Electricity Access Rollout Program (EARP)
- Company type: Program
- Industry: Electricity Access and distribution
- Founded: 2009
- Headquarters: Kigali, Rwanda
- Key people: Reuben Ahimbisibwe Ag.Program Coordinator
- Products: Electricity

= EARP Rwanda =

EARP, also known as Electricity Access Rollout Program, is a Rwandan Government Program initiated in 2009 to synergise efforts to realize the country's targets for electricity access.

==History==
EARP was initiated in 2009, when the Government of Rwanda wanted to bring together all Development partners contribution in the energy sector, especially to increase the access rate in the Rwandan community. At that time, only 6% of Rwandan households were accessing on-grid electricity.

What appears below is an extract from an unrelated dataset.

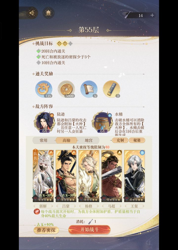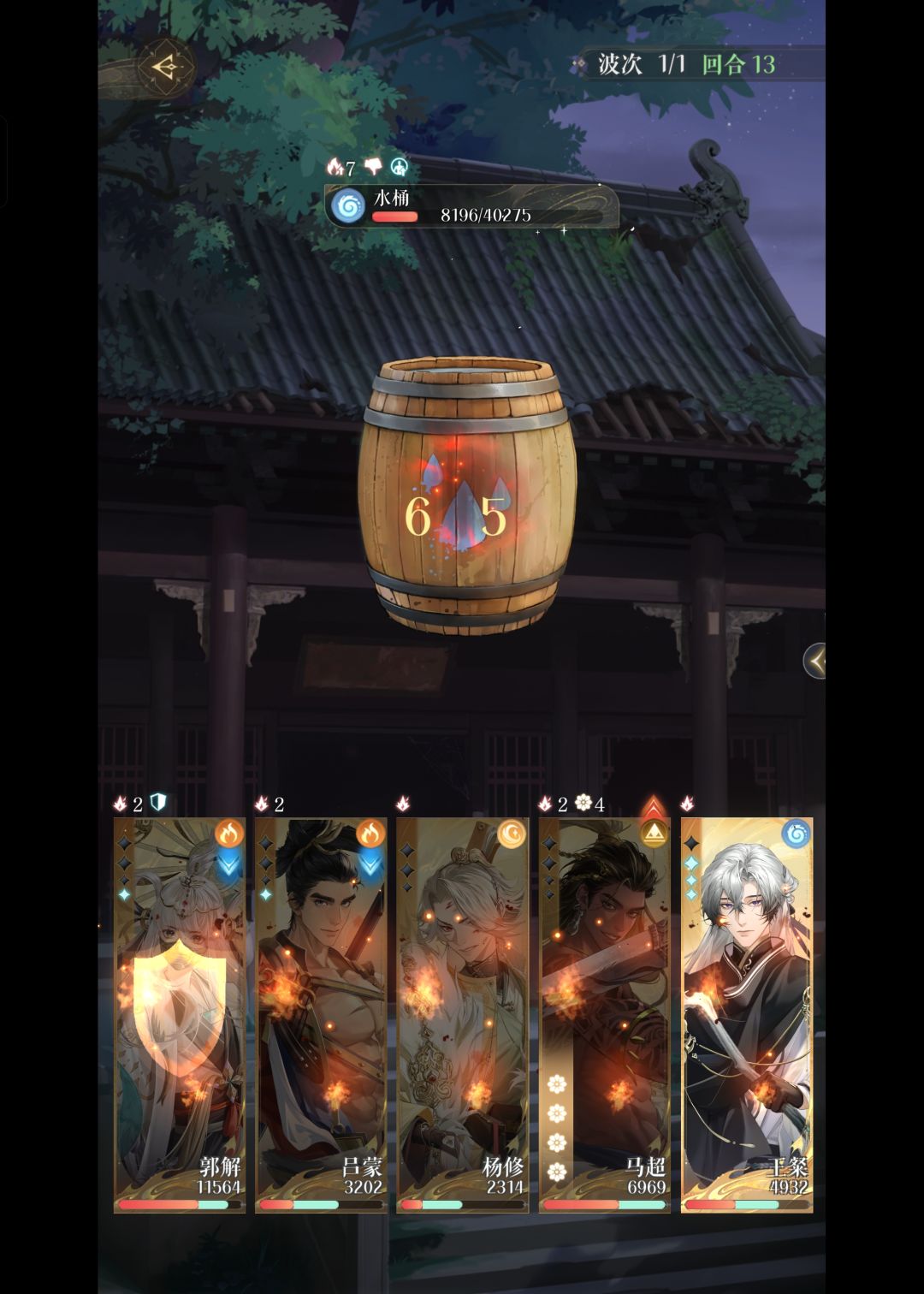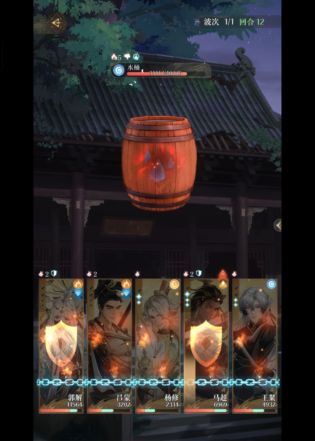 ◇〖火种〗陆逊普攻和吕蒙攻击都会叠火种,一定要注意全员的状态栏,火种叠到3-4时一定要及时打破水桶。我这里用的是马超(土系克制水系),我马超技能+以守为攻足够打破一个水桶,所以我看到水桶血量大概足够我一次打破的时候就会见缝插针去打两下Boss,缓解下输出压力。之前也有用阿婵但效果不是很理想,建议还是用张辽或马超。

So far, remarkable strides have been made by this programme under which access to the grid has increased from 364,000 households in June 2012 to more than 1,000,000 households (38.5% of the total households in Rwanda) in 2019.

EARP mission goes in line with the Rwandan Government rural electrification policy which has set 100% access target by the year 2024 in Rwanda households and 100% of centers expected to boost the economic development commonly named "Productive use areas" by 2022.

==Electricity Access in Rwanda==

As of June 2021, the cumulative connectivity rate was 65% of Rwandan households including 47.2% connected to the national grid and 17.8% accessing through off-grid systems (mainly solar).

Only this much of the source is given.